▶ EXERCISE DETAILS
Leave out the pictures and retype exactly the lines from the line with "PiercedOff Implant Grade" through the end of the listing below.

--- COLLECTED DATA Enclosed Below ---

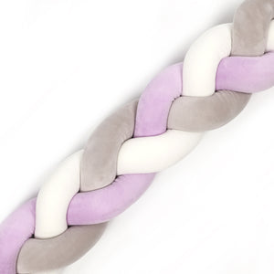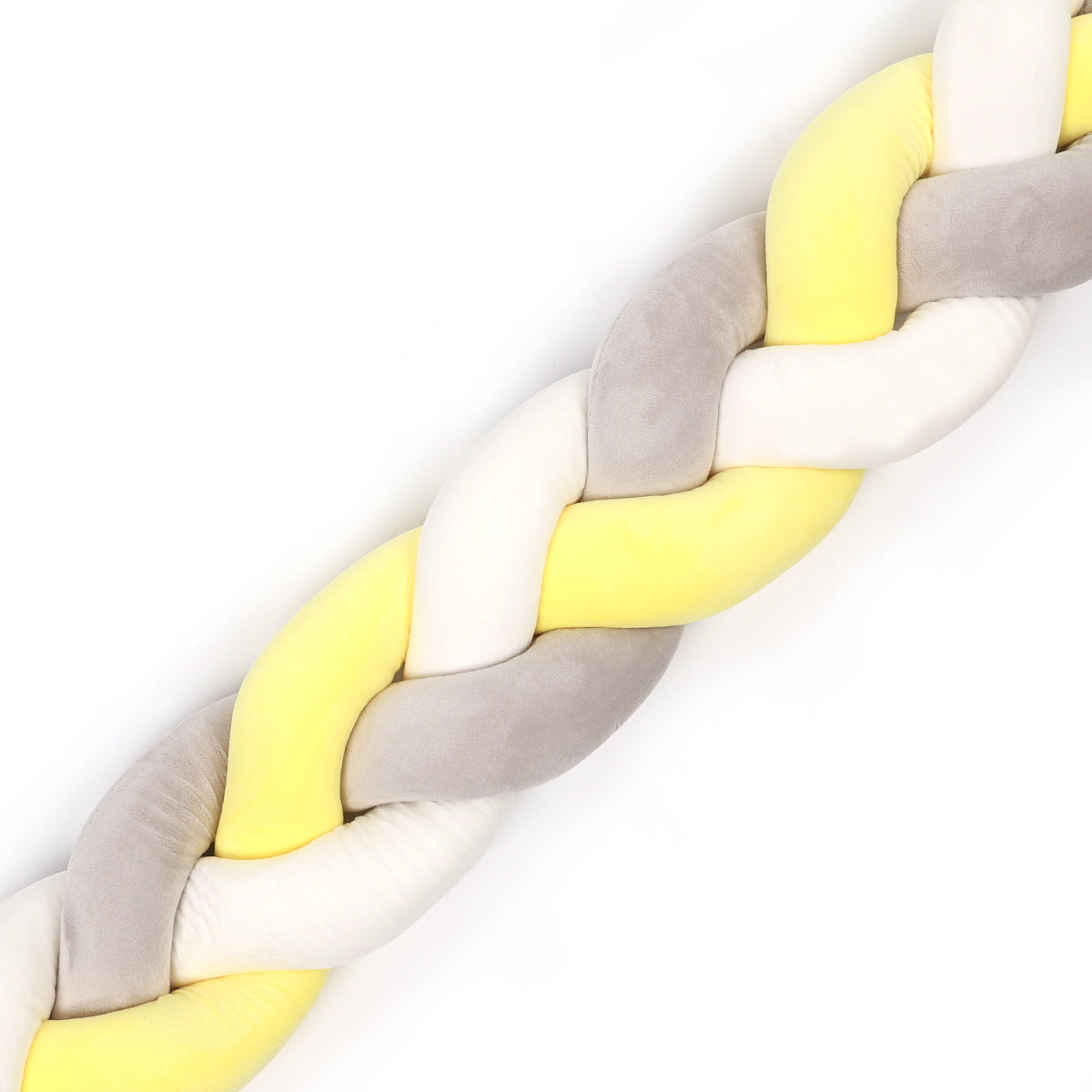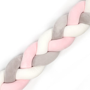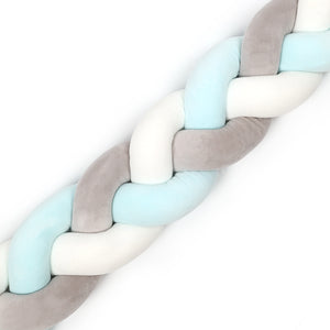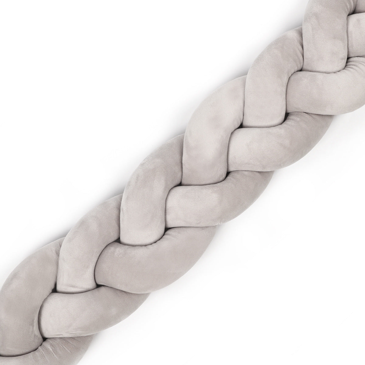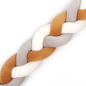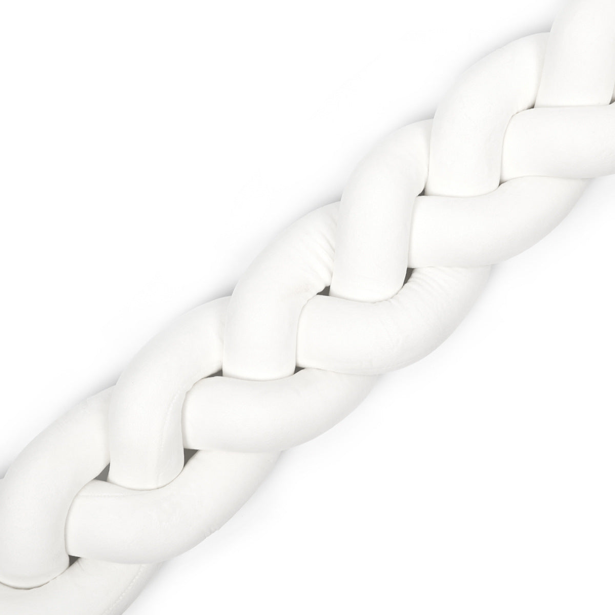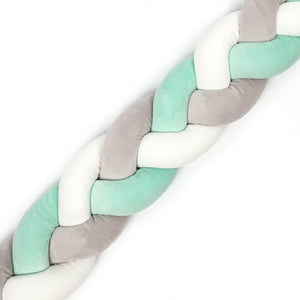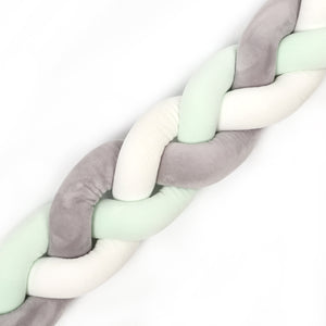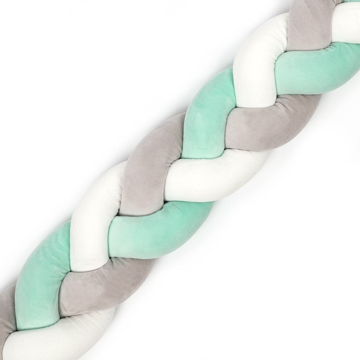 Morbido paracolpi intrecciato in velluto, ideale per proteggere il bambino durante il sonno e creare un ambiente accogliente e sicuro. La sua forma a treccia permette di adattarlo facilmente a culla, lettino, carrozzina o box. Disponibile in diversi colori moderni e delicati, è perfetto anche come decorazione per la cameretta.
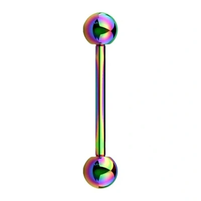 PiercedOff Implant Grade Titanium Rainbow PVD Plated Barbell with Internally Threaded Balls Thickness 14GA (1.6mm) / Length 16mm Ball Size 5mm
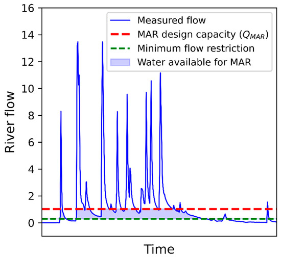The concept of water available for MAR (WAFM) is demonstrated in Figure 2, where water can be captured from a river only once a minimum flow condition (QMIN), i.e., an environmental constraint, is exceeded until the maximum design capacity of the proposed MAR scheme is reached. Flows above this level cannot be captured unless the design capacity (QMAR) is increased.
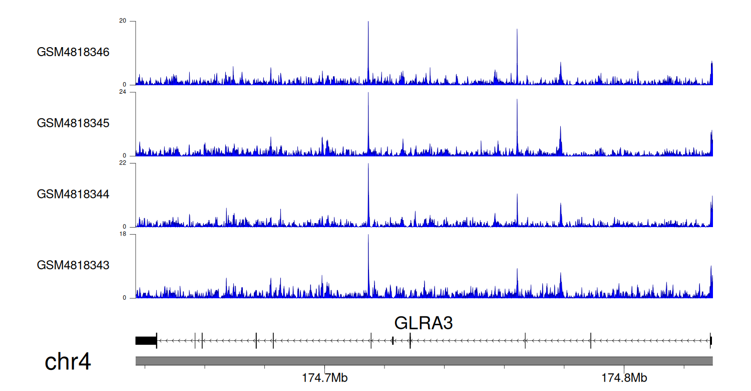> Dataset: GSE131257 - GLRA3 peak across samples

--- End of Enclosed COLLECTED DATA ---

▶ FINAL ANSWER
 PiercedOff Implant Grade Titanium Rainbow PVD Plated Barbell with Internally Threaded Balls Thickness 14GA (1.6mm) / Length 16mm Ball Size 5mm
The concept of water available for MAR (WAFM) is demonstrated in Figure 2, where water can be captured from a river only once a minimum flow condition (QMIN), i.e., an environmental constraint, is exceeded until the maximum design capacity of the proposed MAR scheme is reached. Flows above this level cannot be captured unless the design capacity (QMAR) is increased.
> Dataset: GSE131257 - GLRA3 peak across samples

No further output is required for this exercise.